I have the flow rate reduce by 1/2 with a 3/4 ballvalve. I didnt' want the substrate stirred up by the strong current.

That experiment is on idle right now, It went from an experiment to a storage tank for the cuttings from the 75G.


----------



## EDGE (Feb 28, 2004)

May 14, 2004 update.

Originally, I put 4 plants outdoor, 2 weaker plant and 2 healthy plant. The 2 weaker plants melted. I believe it has to do with bad drainage in the 2 pots. The water wouldn't drain from the pot when I lower the water in the tub. The water drain fairly well in the pots with the healthy plant.

I have replace it with an experimental plastic net/mesh pot with rockwool, sand, peat, and flourite substrate mix. 

I tested the new substrate mixture for drainage. All the water drained out of the pot the instant I took it out of the water. This is a lot better than the drainage from the pot with the healthy plants. Hopefully the 2 plants will recover from the melt. 

I will find out if drainage and confinement of roots in a clay pot have any affect on the speed and size of plant growth.

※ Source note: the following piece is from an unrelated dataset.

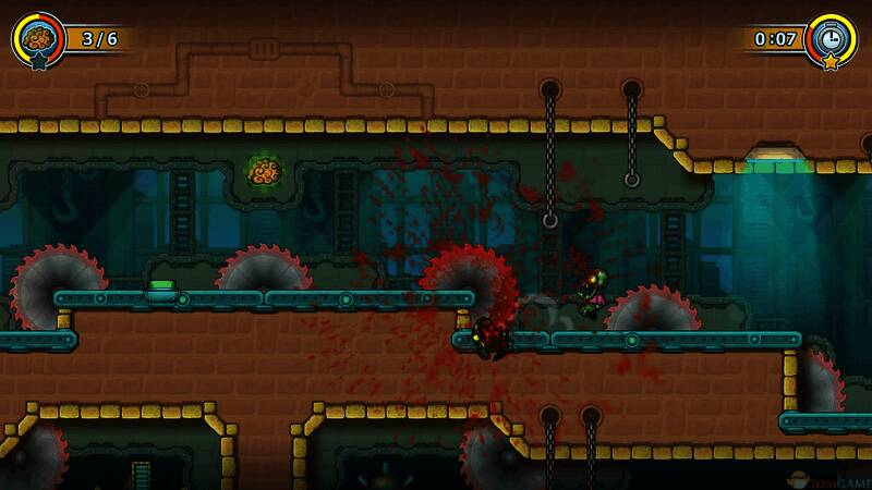 游戏中有四个僵尸,初始仅一个,随难度增加逐步解锁,每个都有独特技能。绿色僵尸跳跃能力强,是前进主力;蓝色僵尸能吸附墙壁,适合爬高;黄色僵尸可飞行,鼠标左键释放尾气飞行;紫色僵尸最懒,能睡觉停下,而其他僵尸会不断行走。
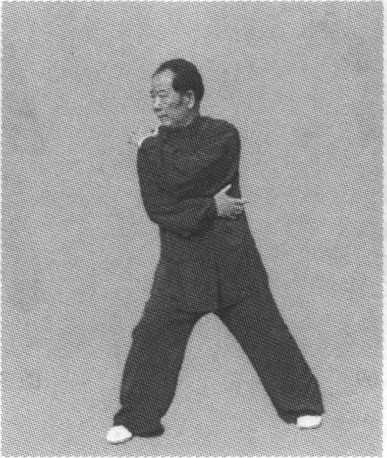 接前势。身体右转,面向西南方。左脚原地不动,随转体挺 直成箭步;右腿屈膝成弓步。同时,左手反掌往右肩尖抓去,掌 心向下,虎口在里,五指微屈向右后;右手向左肋下抱去,掌心 向里,虎口在上,五指自然叉开向左后。全身成捆绑势。头顶项 竖,下须内收,闭唇叩齿,舌顶上腭,眼向右肩前视去。(图 3-70)

Most of the older leaves on all the plants are beginning to melt. The plants are still settling into the new substrate and will take some time and warmer weather to get it going.


----------



## Justin Fournier (Jan 27, 2004)

Just out of curiosity, why not bring it in at night, it's still so cold at night... Why not do it indoors anyways?


----------



## EDGE (Feb 28, 2004)

No room and no lighting for it. It is hard to move a 130+ lb tub around.

If I just bring the pot in, The swords will dry up over night. I can't recreate the humidity of a dome inside


----------



## Justin Fournier (Jan 27, 2004)

Damn in your big house you have no room for that little tray? Make room my man! My emersed is on my Fathers Dinging room table till my new place is ready!!


----------



## EDGE (Feb 28, 2004)

Update: I added an ebo heater to the tub to keep the water warmer at night. The plant seems to be responding to the warmer water at night.
I will be taking the heater out farther into the summer season.

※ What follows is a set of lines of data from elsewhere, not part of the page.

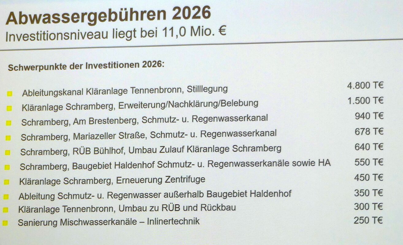 Außerdem seien im kommenden Jahr große Investitionen in Höhe von elf Millionen Euro geplant. Ziehe man die Zuschüsse ab, blieben immer noch 7,9 Millionen Euro. „Die hohe Investitionssumme geht auf die notwendige Erweiterung der Kläranlage Schramberg zurück, für die im Jahr 2030 die Genehmigung ausläuft“, schreibt Kälble in der Sitzungsvorlage.
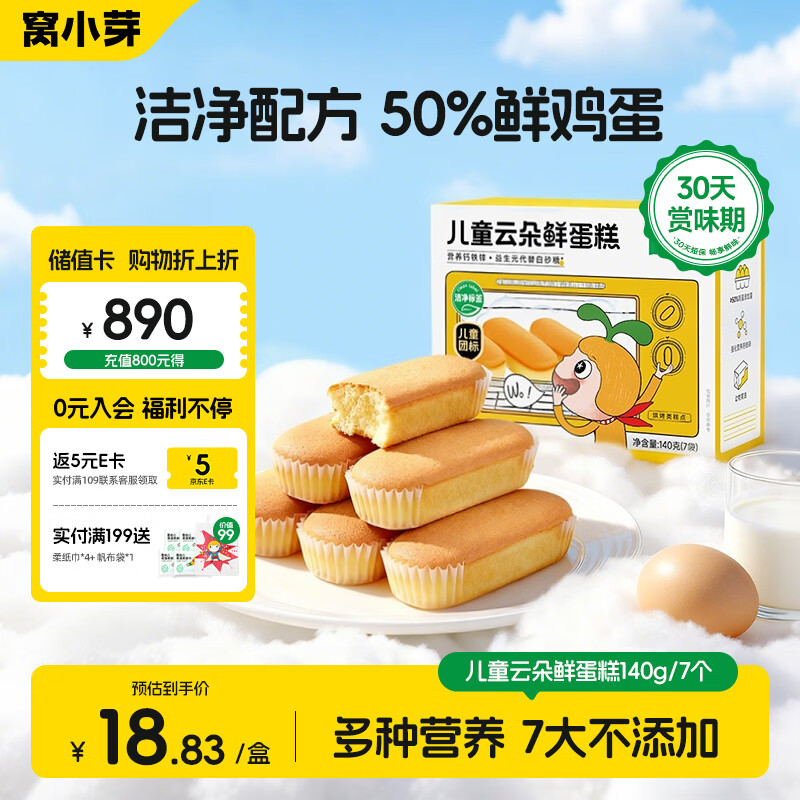 窝小芽云朵鲜蛋糕 儿童早餐面包零食儿童蛋糕无添加防腐剂140g/7个
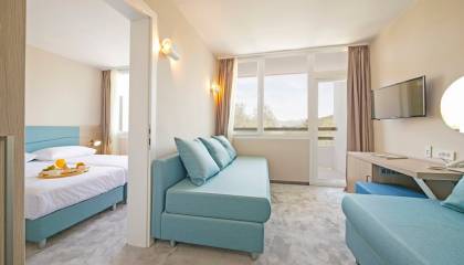 obiteljska soba (31-36 m2) – 2 odvojene sobe, kupaonica s kadom i kupaonica s tušem, balkon ili terasa
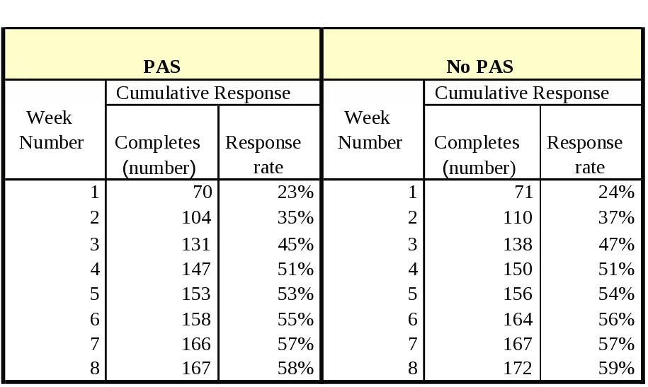 Table 5: Cumulative Response Rates – PAS versus No PAS
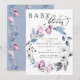 Vattenfärgsprogram för Rosa och Blåa blommor Babyk Inbjudningar
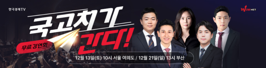 한국경제TV 와우넷은 이러한 시청자의 관심에 보답하고자 오는 12월 13일(토) 오전 10시부터 오후 3시까지 여의도 한국화재보험협회에서 ‘2025 연말결산 국고처 오프라인 강연회’를 진행한다고 밝혔다.
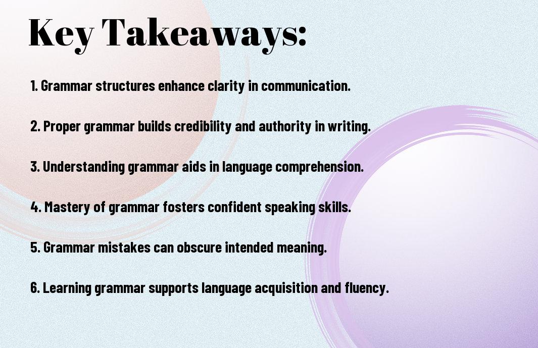 As you strive to become proficient in a language, you will realize that your understanding and use of grammar is vital to effective communication. Your ability to construct sentences, convey meaning, and express yourself accurately depends on your grasp of grammatical rules and principles. You will find that mastering grammar helps you to better comprehend and appreciate the language, enabling you to express your thoughts and ideas with clarity and precision, which is vital for successful communication in both personal and professional settings.
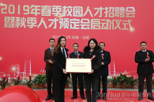 在慷慨激昂的开幕致辞之后,安徽省领航者创业实训项目办公室主任 吴倩为安徽新华电脑专修学院授牌,授予安徽新华《安徽省创业模拟实训优秀培训基地》 。

New photos will be ready at the end of this week.

We are in climate zone 8 area. That is 10f - 20 f hardiness. The idea is to see how far I can push the limit of a sword plant torlerence during the colder weather. 

Beside, why keep something indoor when it can be grown outdoor?


----------



## Phil Edwards (Jan 22, 2004)

EDGE,

You're in zone 8? Where do you live? For some reason I thought you were in Canada.....

Best,
Phil


----------



## Justin Fournier (Jan 27, 2004)

He is in Canada, in the lower mainland, Vancouver area.

Why grow something indoors that can be grow outdoors? Swords can't be grow outdoor here. Even in a modest Greenhouse like yours they are not doing well. They require heat & humidity to flourish that we do not have here 99% of the year. 

Why grow something outside at considerable expense that you can grow inside much easier? Only if you have no room, but you only have a very small setup, and I am sure if you really looked you could find somewhere to get it inside. It's just the lighting issue then. That is easily overcome. I think it's better to use artificial light as opposed to sunlight, because you have much more control over the conditions.


----------



## EDGE (Feb 28, 2004)

FYI: I can't build a greenhouse without a permit. Apparently, I can't have a tool shed without a permit either.

Check with the cityhall to see what limitation is in your area.

I am keeping it as a dome setup.

I use the below link to estimate at the zoning in the area I am from. 
Zone 8 is what I came up with. Correct me if I am wrong though.

http://www.mandevillegardens.com/index.cfm?fuseaction=guide.hardinessMap

small? The design is for a 2' by 8' setup. it is not that small.

I have come up with a way to go modify the setup to require level of heating and humidity at a minimal cost.

I will go into a price and expense breakdown in the future. I have it figure out, but I dont feel like typing it up for comparison. Indoor and outdoor setup are not that big of a difference with the initial setup price; however, the expense will be more for indoor setup when I calculated.


----------



## Phil Edwards (Jan 22, 2004)

Nah, you're right. The west coast is a lot more moderate than the rest of the country. You just threw me for a loop because where I am is zone 7 and I'm about 1300 miles south of where you are.  


Best,
Phil


----------



## MiamiAG (Jan 13, 2004)

Congratulations Phil! That was the 10,000th post.


----------



## Phil Edwards (Jan 22, 2004)

Do I get balloons and a gift certificate?


----------



## EDGE (Feb 28, 2004)

Redflame update is on the first post of this topic.

There is some tremendous growth after adding a heater to the tub. The nutrients dosage is a KISS method. 1/3 piece of jobes stick + the regular aquarium dosage formula of 1 ppm of PO4, 10 ppm of KNO3, 3 ml of Plantex + b (2 tablespoon to 500 ml of water) per week.


----------